Ardiman jadi ingat kalau putrinya ini jadi ikutan sibuk merecoki seniornya untuk melakukan kunjungan ke Jawa Timur beberapa hari lagi. “Persiapan udah berapa persen?” tanyanya.
“Udah 80 sih, Pa. Tinggal print beberapa hal dan siapin kenang-kenangan buat museumnya kalau kita pernah mengunjungi. Sisanya tinggal kita berangkat,” jawab Dewi.
“Oke. Yang penting nanti utamakan sopan dan santun. Jaga diri dan dengarkan baik-baik penjelasan dari pemandu di sana. Karena belajar dari internet pasti beda feel-nya dengan belajar langsung,” tutur Ardiman yang selaku dosen juga untuk putrinya sehingga harus menyampaikan ini.
“Siap, Pak!” Dewi berkata seraya memberikan hormat.
Satu keluarga ini kemudian makan dengan tenang seraya menikmati siaran TV tentang berita hari ini.

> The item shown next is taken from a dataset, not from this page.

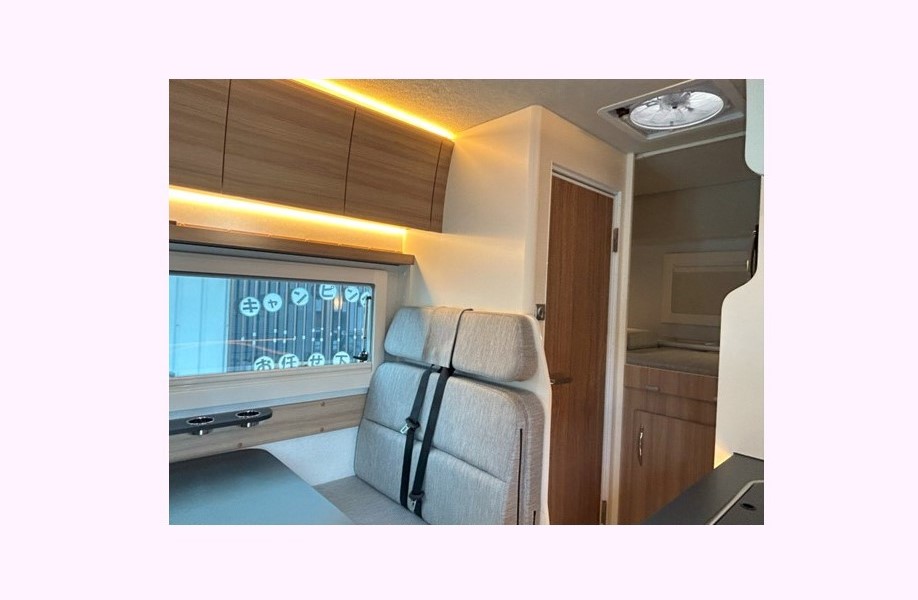 運転席上のバンク部分も含めエクステリアもすっきりとしたデザインで上品で明るい室内です。

“Kalau aja ada mesin waktu, aku mau lihat ke Zaman Majapahit langsung dan lihat sebenarnya apa yang terjadi sebelum runtuh.... Arghhh penasaran banget!” celetuk Dewi saat ada berita ditemukannya jalur trem saat sedang membangun proyek MRT Jakarta.
“Papa juga kepengen kalau ada. Mau lihat kemegahan Majapahit gimana,” timpal Ardiman.
Sedangkan Anantari mendengarkan saja karena dia juga tertarik dengan topik sejarah tapi tidak tahu banyal. Seperti putranya yang lain, dia punye profesi dan kesukaan yang berbeda dari Ardiman. Dia sendiri pernah jadi koki sebuah hotel ternama dan kini jadi juru masak saja dan di rumah untuk merawat kebun kecil.
“Kalau mama mau liat sih gimana cantiknya putri kerajaan. Soalnya adek selalu bahas selir ini jadi mama penasaran,” ungkap Anantari kemudian.
“Nah... kan... mama jadi ikut penasaran... soalnya tuh kita cuma bisa liat relief dan ilustrasi. Hmmm.... kalau aja ada beneran mesin waktu. Aku cuma mau liat aja nggak pengen ubah sejarah. Atau coba bisa lakuin time travel gitu. Tiba-tiba pingsan dan bangun udah jadi putri raja hehehe.”
“Ada-ada aja kamu, Dek... film apalagi yang kamu liat kali ini?”
“Hehe... ini bukan Film sih, drama korea, judulnya Mr. Queen.”
Ardiman mengusap puncak kepala putrinya karena memang topik soal mesin waktu dan kembali ke masa lalu suka diucapkan putrinya. Tapi jelas, hal ini tidak mungkin terjadi, semua itu cuma karangan. Belum ada yang bisa membuktikan jika hal seperti ini ada walau telah banyak yang mengklaim telah melakukan perjalanan waktu, tapi selalu bisa dibantah oleh logika.
“Nanti kalau aku bisa kembali ke masa lalu, aku kasih hal yang cuma bisa ada di masa itu buat jadi bukti ke mama sama papa,” ujar Dewi penuh tekad.
Ardiman dan Anantari cuma bisa meringis karena mereka tahu itu tidak akan terjadi.